• [Try it]: Having located the line with "描述:此款水管为5分管,对应", print it and each remaining line exactly, stopping at the end of the material and omitting pictures.

=-=-=-=-=

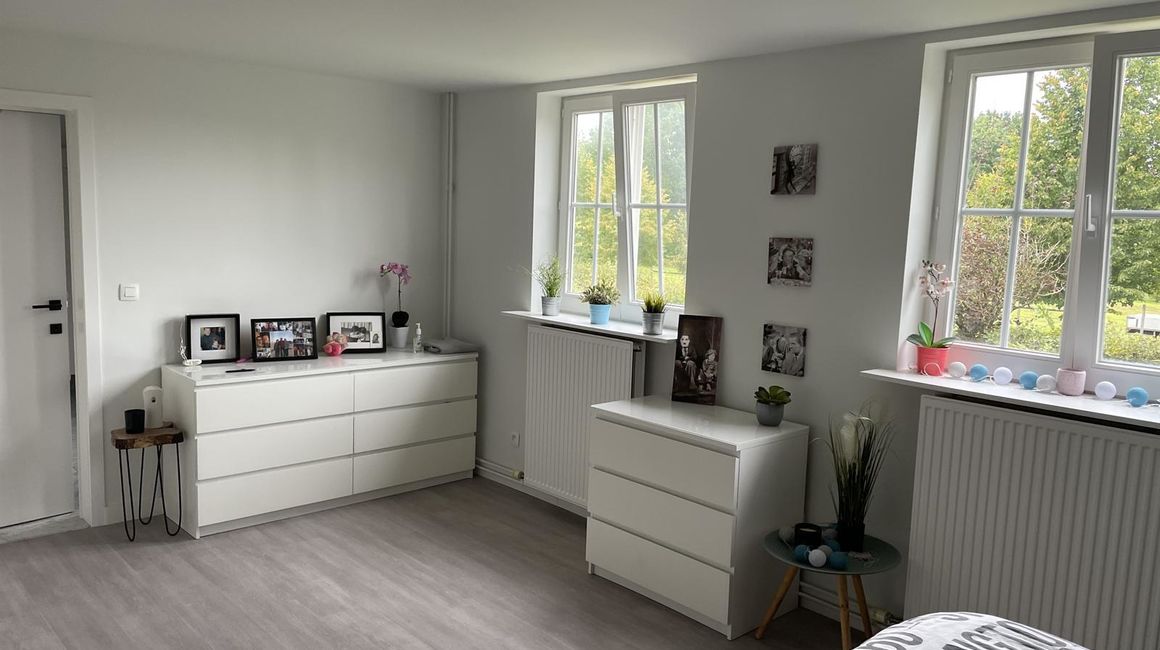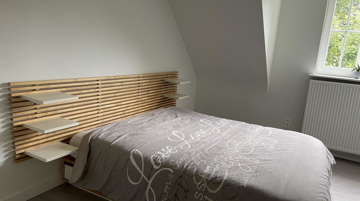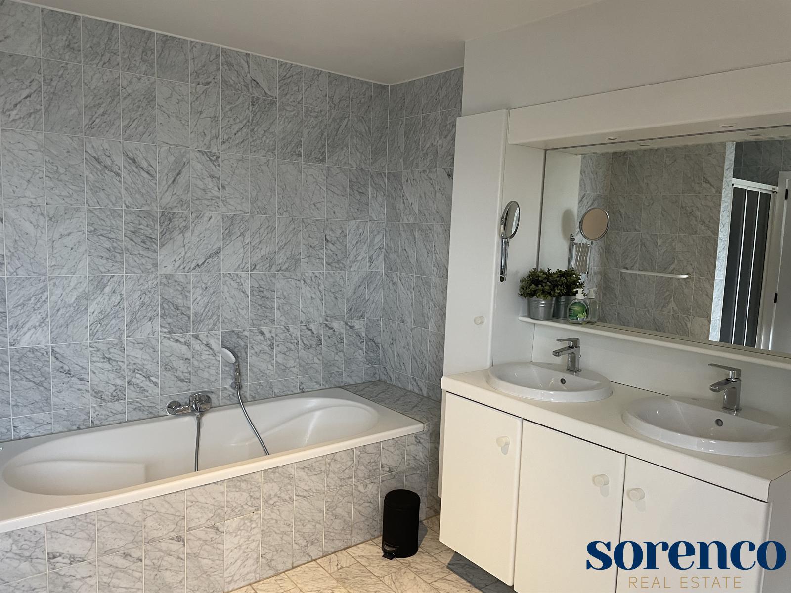 3 slaapkamers met ingemaakte kasten, 1 badkamer (douche, toilet, 2 lavabo’s).
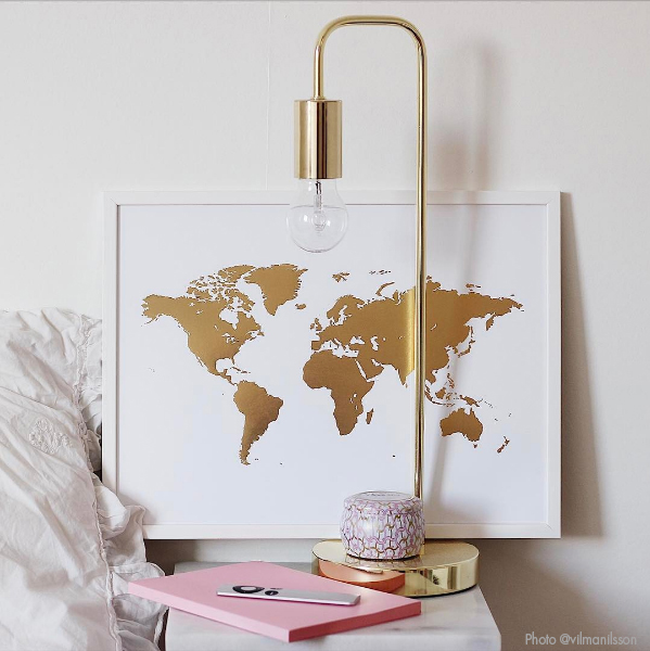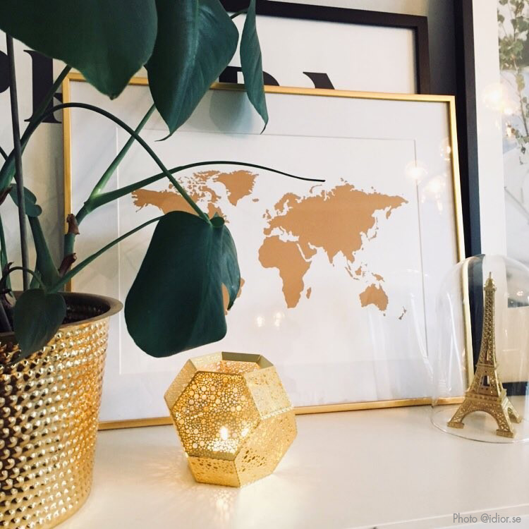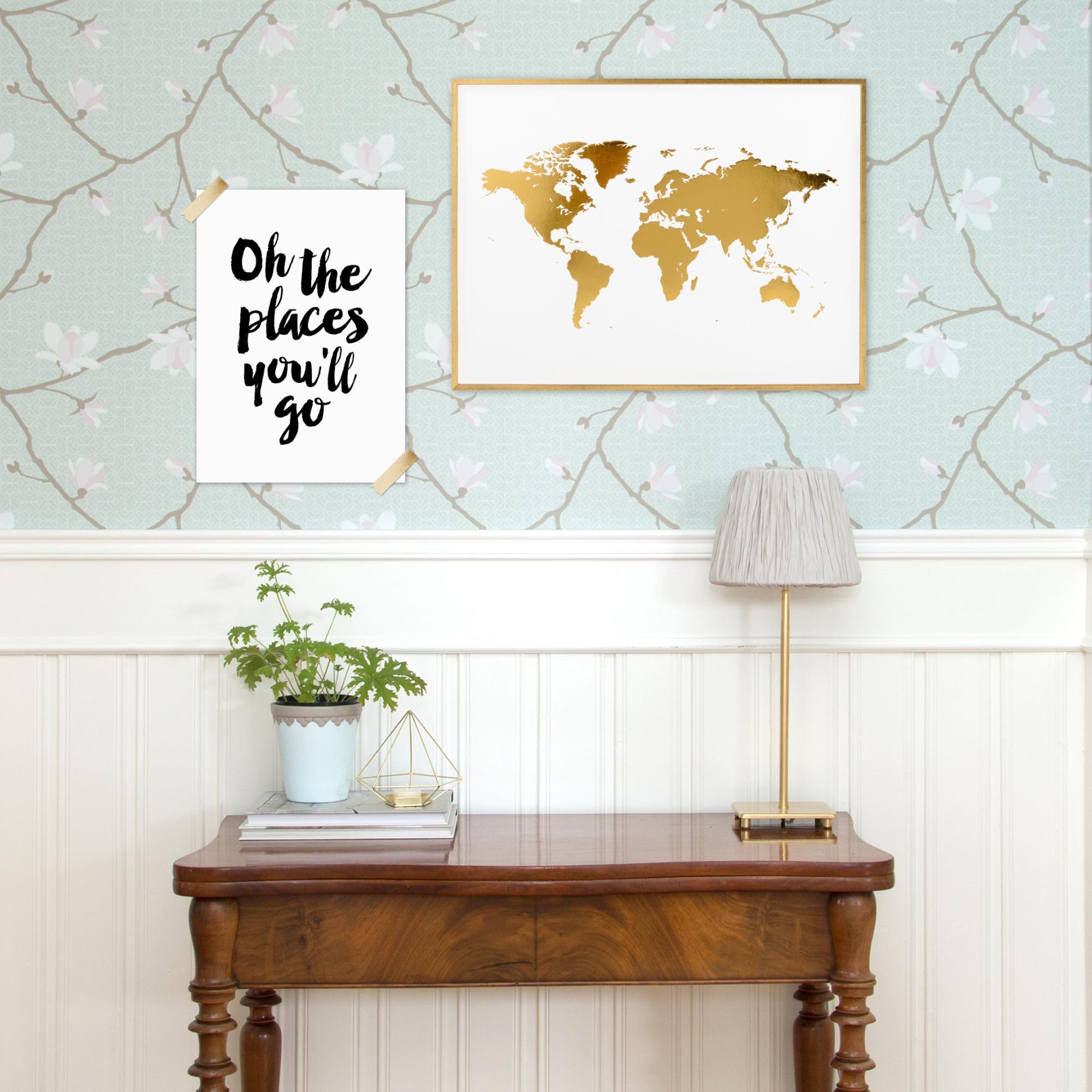 Χάρτης του κόσμου σε χρυσό - Προστατευμένος με λεπτή μεμβράνη Αφίσα (30x40 cm)
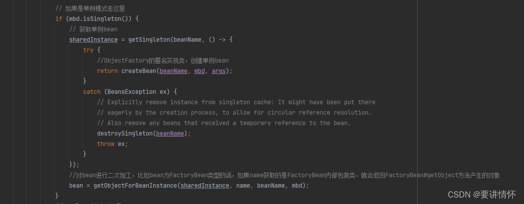 因为我们主要关注spring的IOC,所以只需要关注bean的作用域为singleton的即可。那么我们只需要看这一块代码即可
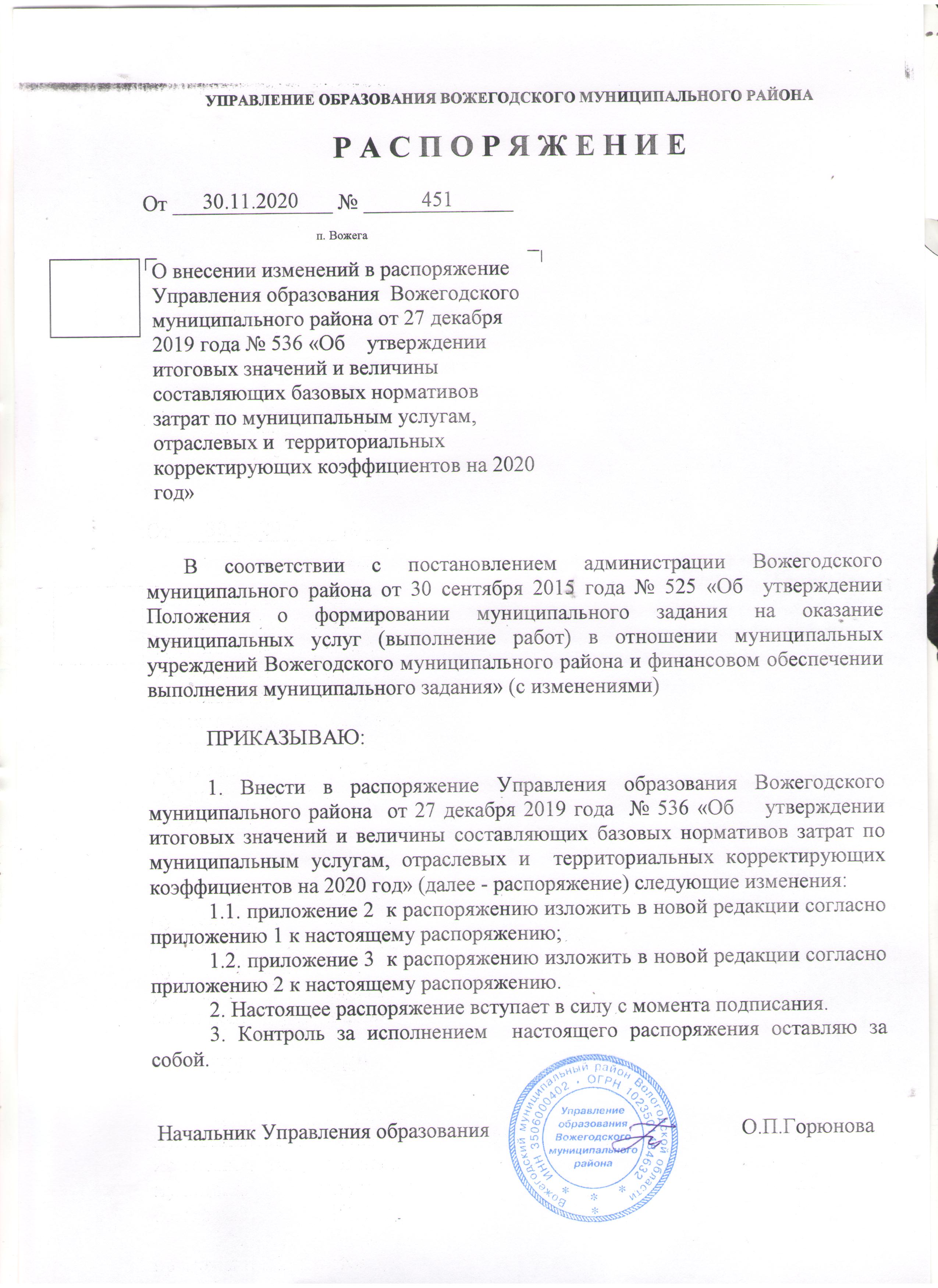 Распоряжение от 30.11.2020 №451 О внесении изменений
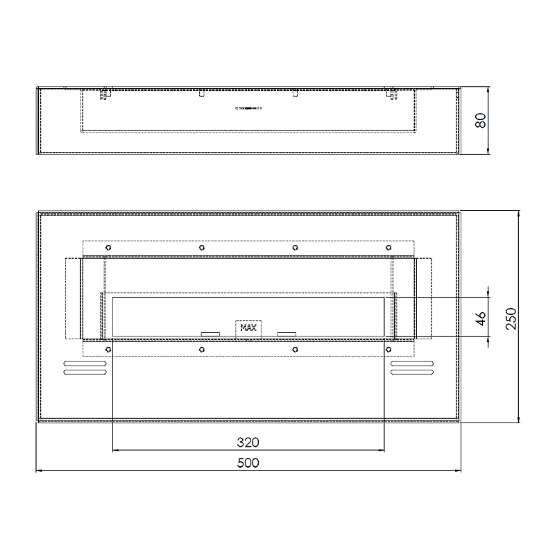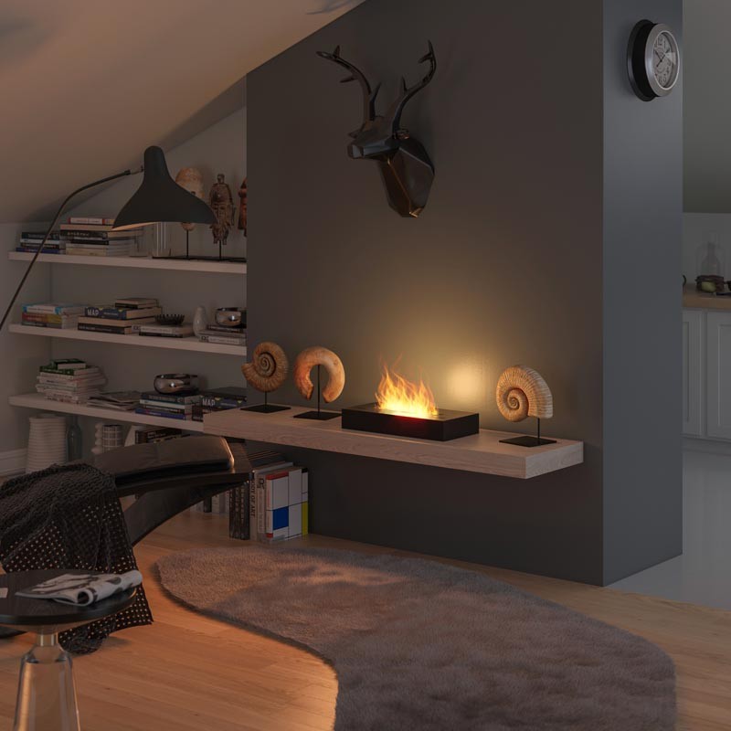 Częścią integralną modelu jest wbudowany palnik Linia 320 mm. Dzięki zintegrowanej zasuwie urządzenie posiada płynną regulację wysokości ognia, a wygaszane jest poprzez całkowite odcięcie dopływu tlenu do komory spalania. Jedną z wielu zalet tego paleniska jest jego bezpieczeństwo. Poprzez wykorzystanie wewnątrz paleniska unikalnego, ceramicznego wkładu chłonnego, biopaliwo nie ulegnie ewentualnemu wylaniu ze zbiornika nawet w momencie wywrócenia urządzenia. Wkład chłonny zapewnia również dłuższe i bardziej równomierne spalanie biopaliwa.
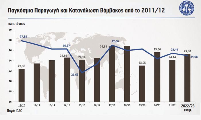 Σε παγκόσμιο επίπεδο, η χώρα μας καταλαμβάνει το 2,8% του εξαγωγικού όγκου, ποσοστό που την καθιστά μια μετρήσιμη δύναμη, με δεδομένο ότι είναι βασικός προμηθευτής της Τουρκίας. Από τους μεγαλύτερους εισαγωγείς βάμβακος είναι η Κίνα (η οποία, όμως, έχει μειώσει τη ζήτησή της), το Μπαγκλαντές, το Βιετνάμ και το Μπαγκλαντές, ενώ από πλευράς ζήτησης επισημάνθηκε, τέλος, ότι υπάρχει αυξητική τάση των καταναλωτών του πιστοποιημένου και βιώσιμου βαμβακιού.
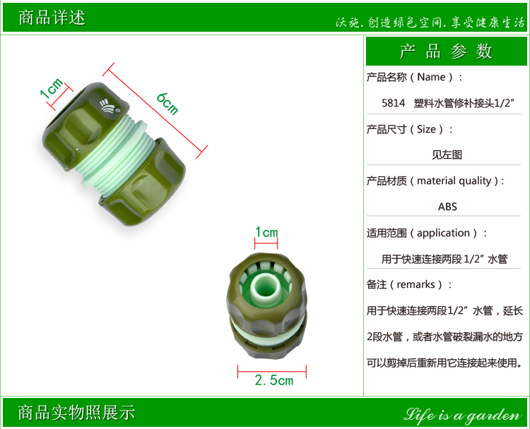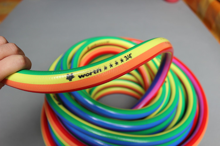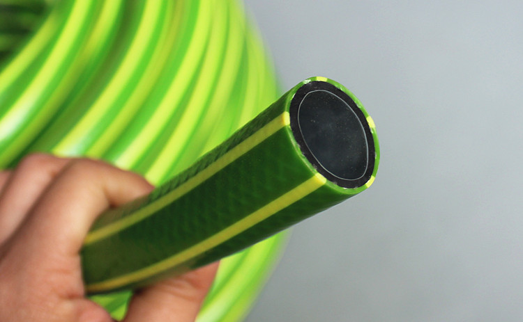 描述:此款水管为5分管,对应5/8英寸(水管直径16.6cm),抗爆压力50公斤以上,剥离强度6N,邵氏硬度60度,适合南北的天气,冬天不容易硬,夏天又达到抗爆压力,适合家庭花园和工地上使用
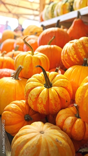 Pile of vibrant orange pumpkins with gourds, close-up, fall harvest bounty, vertical
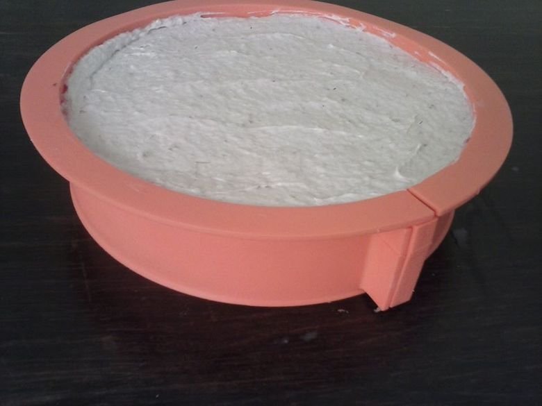 And POW! There it is, your banana cake is almost done. All you have to do now is: Let it chill. Put it in the fridge for at least 4 hours before removing the mold cuz it needs some time to "gather its thoughts" after having its brain so smashed

=-=-=-=-=

• [Answer to the exercise]:
 描述:此款水管为5分管,对应5/8英寸(水管直径16.6cm),抗爆压力50公斤以上,剥离强度6N,邵氏硬度60度,适合南北的天气,冬天不容易硬,夏天又达到抗爆压力,适合家庭花园和工地上使用
 Pile of vibrant orange pumpkins with gourds, close-up, fall harvest bounty, vertical
 And POW! There it is, your banana cake is almost done. All you have to do now is: Let it chill. Put it in the fridge for at least 4 hours before removing the mold cuz it needs some time to "gather its thoughts" after having its brain so smashed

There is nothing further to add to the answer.